Start of MATERIAL FOR THIS TASK
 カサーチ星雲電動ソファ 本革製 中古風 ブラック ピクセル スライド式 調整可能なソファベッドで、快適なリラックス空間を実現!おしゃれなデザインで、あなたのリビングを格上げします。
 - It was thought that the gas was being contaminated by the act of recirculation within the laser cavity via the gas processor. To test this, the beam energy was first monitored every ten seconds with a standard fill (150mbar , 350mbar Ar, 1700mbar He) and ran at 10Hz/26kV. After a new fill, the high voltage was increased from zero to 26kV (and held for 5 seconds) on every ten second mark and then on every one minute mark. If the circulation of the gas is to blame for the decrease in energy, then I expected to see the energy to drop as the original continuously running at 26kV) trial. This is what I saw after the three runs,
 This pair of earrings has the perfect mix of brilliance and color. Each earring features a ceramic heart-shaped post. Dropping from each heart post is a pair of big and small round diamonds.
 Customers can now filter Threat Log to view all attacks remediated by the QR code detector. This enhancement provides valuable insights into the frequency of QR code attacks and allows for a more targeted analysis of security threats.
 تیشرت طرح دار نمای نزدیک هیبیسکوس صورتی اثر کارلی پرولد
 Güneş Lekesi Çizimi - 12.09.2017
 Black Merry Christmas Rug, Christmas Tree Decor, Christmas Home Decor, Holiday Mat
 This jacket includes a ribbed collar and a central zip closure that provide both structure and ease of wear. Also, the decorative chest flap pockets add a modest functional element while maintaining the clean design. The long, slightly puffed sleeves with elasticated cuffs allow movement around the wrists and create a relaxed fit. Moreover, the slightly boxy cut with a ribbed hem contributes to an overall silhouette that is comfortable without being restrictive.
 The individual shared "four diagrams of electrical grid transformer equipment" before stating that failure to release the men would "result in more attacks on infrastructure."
End of MATERIAL FOR THIS TASK
Start of MATERIAL FOR THIS TASK
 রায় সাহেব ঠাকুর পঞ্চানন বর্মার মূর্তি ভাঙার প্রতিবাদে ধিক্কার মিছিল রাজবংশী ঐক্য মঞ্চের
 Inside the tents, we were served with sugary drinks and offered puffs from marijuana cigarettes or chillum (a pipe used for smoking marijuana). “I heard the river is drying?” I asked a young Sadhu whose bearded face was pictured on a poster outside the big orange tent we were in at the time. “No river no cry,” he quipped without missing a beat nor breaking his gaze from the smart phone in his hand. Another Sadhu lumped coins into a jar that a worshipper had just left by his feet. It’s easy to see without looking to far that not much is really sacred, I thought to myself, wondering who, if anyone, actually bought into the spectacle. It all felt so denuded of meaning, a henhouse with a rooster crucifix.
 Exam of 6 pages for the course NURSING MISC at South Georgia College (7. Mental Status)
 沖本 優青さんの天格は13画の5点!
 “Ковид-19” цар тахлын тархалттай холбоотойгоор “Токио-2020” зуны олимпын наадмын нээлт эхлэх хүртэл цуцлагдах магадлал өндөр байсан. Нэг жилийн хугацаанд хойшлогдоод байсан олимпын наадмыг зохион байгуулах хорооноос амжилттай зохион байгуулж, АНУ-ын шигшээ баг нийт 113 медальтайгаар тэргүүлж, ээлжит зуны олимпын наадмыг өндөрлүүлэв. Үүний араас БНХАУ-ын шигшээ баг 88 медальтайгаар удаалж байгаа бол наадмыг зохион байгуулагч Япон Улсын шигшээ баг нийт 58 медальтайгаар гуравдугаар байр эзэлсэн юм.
End of MATERIAL FOR THIS TASK
Start of MATERIAL FOR THIS TASK
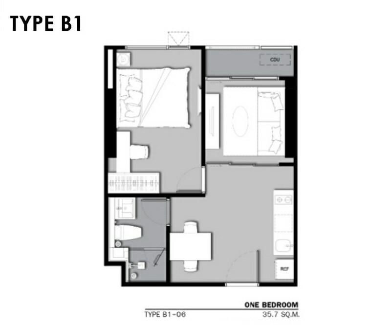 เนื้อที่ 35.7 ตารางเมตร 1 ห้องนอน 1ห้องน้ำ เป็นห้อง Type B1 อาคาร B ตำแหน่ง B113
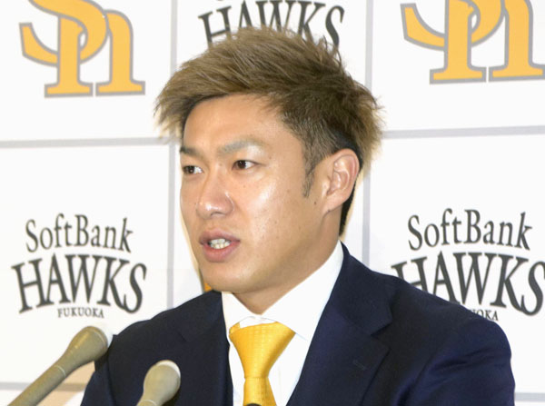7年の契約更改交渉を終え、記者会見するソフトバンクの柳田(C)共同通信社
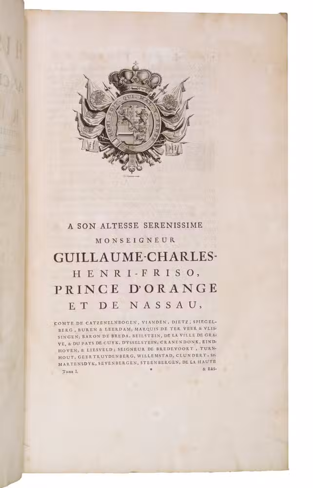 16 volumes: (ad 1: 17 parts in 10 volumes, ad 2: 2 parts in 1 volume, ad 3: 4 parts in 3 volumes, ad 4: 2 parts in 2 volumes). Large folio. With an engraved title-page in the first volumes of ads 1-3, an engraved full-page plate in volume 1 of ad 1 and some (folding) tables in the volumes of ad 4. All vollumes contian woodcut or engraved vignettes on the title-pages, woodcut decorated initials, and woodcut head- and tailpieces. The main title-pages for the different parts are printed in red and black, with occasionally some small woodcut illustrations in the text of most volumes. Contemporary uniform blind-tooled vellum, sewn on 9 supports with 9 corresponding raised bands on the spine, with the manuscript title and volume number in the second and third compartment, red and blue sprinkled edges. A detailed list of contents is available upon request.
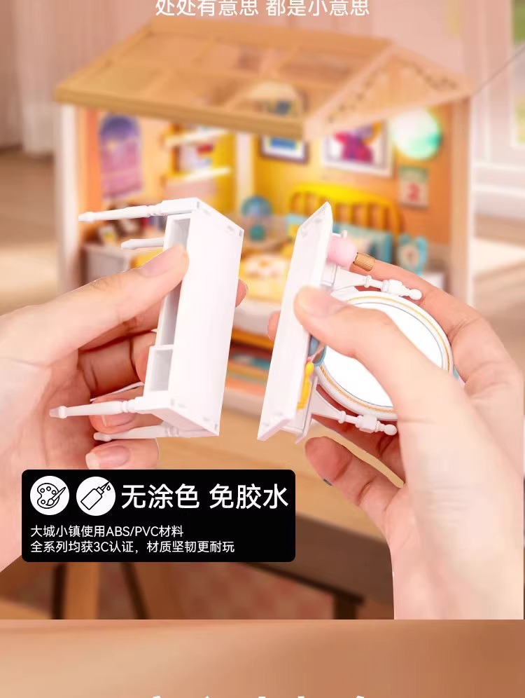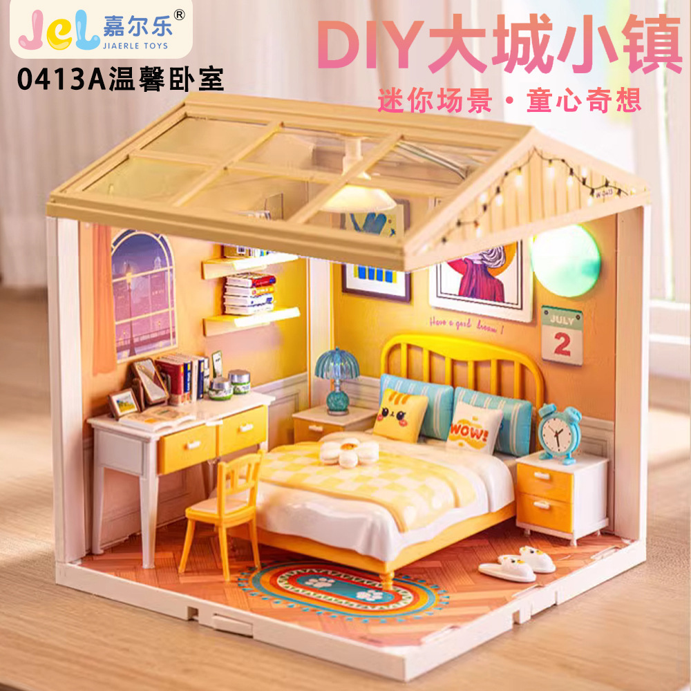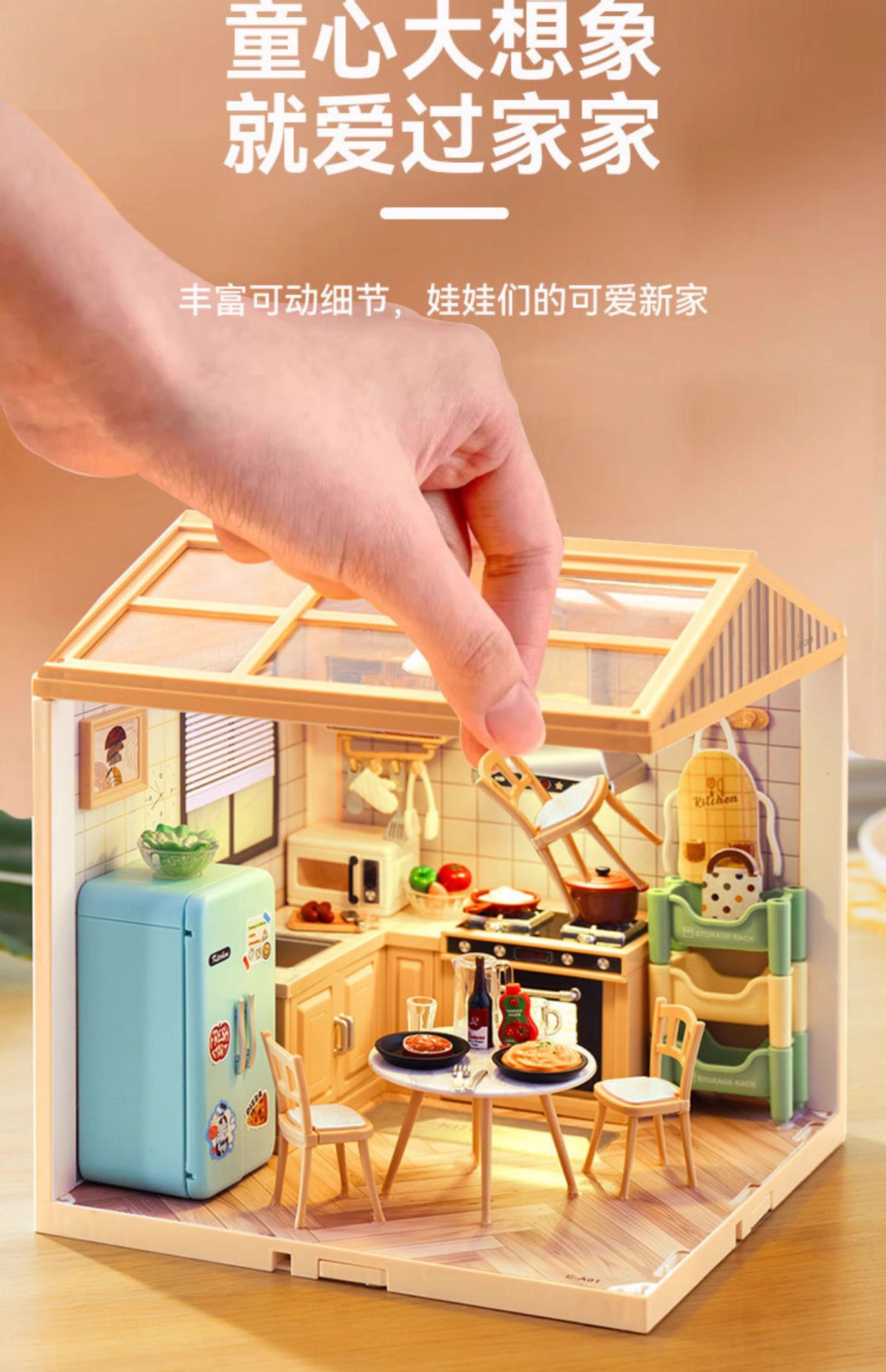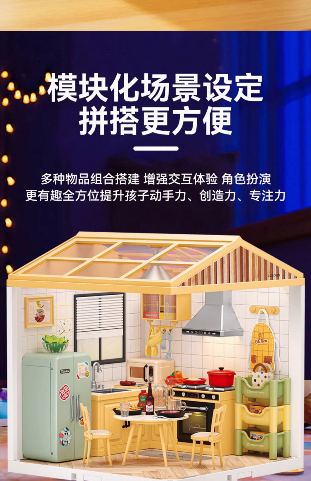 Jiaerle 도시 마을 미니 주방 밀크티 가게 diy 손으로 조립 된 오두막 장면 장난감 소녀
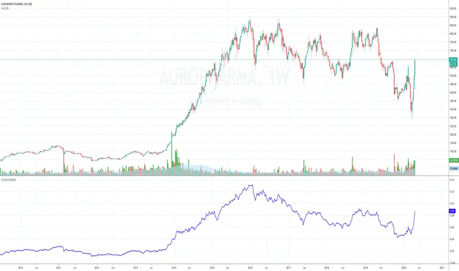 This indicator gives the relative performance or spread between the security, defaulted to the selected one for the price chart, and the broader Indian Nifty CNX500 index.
End of MATERIAL FOR THIS TASK
EXERCISE =
Reproduce exactly the lines above from the line with "Black Merry Christmas" to the line with "The individual shared", including both, and add nothing.

TASK RESPONSE =
 Black Merry Christmas Rug, Christmas Tree Decor, Christmas Home Decor, Holiday Mat
 This jacket includes a ribbed collar and a central zip closure that provide both structure and ease of wear. Also, the decorative chest flap pockets add a modest functional element while maintaining the clean design. The long, slightly puffed sleeves with elasticated cuffs allow movement around the wrists and create a relaxed fit. Moreover, the slightly boxy cut with a ribbed hem contributes to an overall silhouette that is comfortable without being restrictive.
 The individual shared "four diagrams of electrical grid transformer equipment" before stating that failure to release the men would "result in more attacks on infrastructure."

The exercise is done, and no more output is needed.